─── GIVEN RECORDS

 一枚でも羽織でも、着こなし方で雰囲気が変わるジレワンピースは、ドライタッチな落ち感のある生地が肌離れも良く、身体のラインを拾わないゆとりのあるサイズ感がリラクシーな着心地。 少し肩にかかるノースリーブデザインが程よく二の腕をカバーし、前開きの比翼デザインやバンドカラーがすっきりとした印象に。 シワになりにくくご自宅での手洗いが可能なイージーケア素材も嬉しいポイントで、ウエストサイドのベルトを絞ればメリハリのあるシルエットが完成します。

──────
─── GIVEN RECORDS

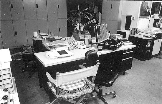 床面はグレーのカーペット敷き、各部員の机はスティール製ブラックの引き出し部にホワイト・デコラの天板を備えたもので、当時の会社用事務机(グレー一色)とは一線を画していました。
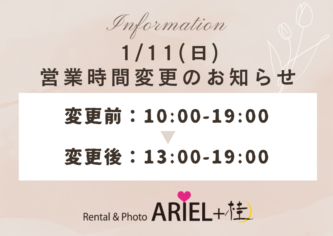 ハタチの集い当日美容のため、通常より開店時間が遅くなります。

──────

The lines to copy exactly start with the line above that has "床面はグレーのカーペット敷き" and go on through the line that has "ハタチの集い当日美容のため、通常より開店時間が遅くなります。"; please include both, add nothing else, and omit the pictures.

 床面はグレーのカーペット敷き、各部員の机はスティール製ブラックの引き出し部にホワイト・デコラの天板を備えたもので、当時の会社用事務机(グレー一色)とは一線を画していました。
 ハタチの集い当日美容のため、通常より開店時間が遅くなります。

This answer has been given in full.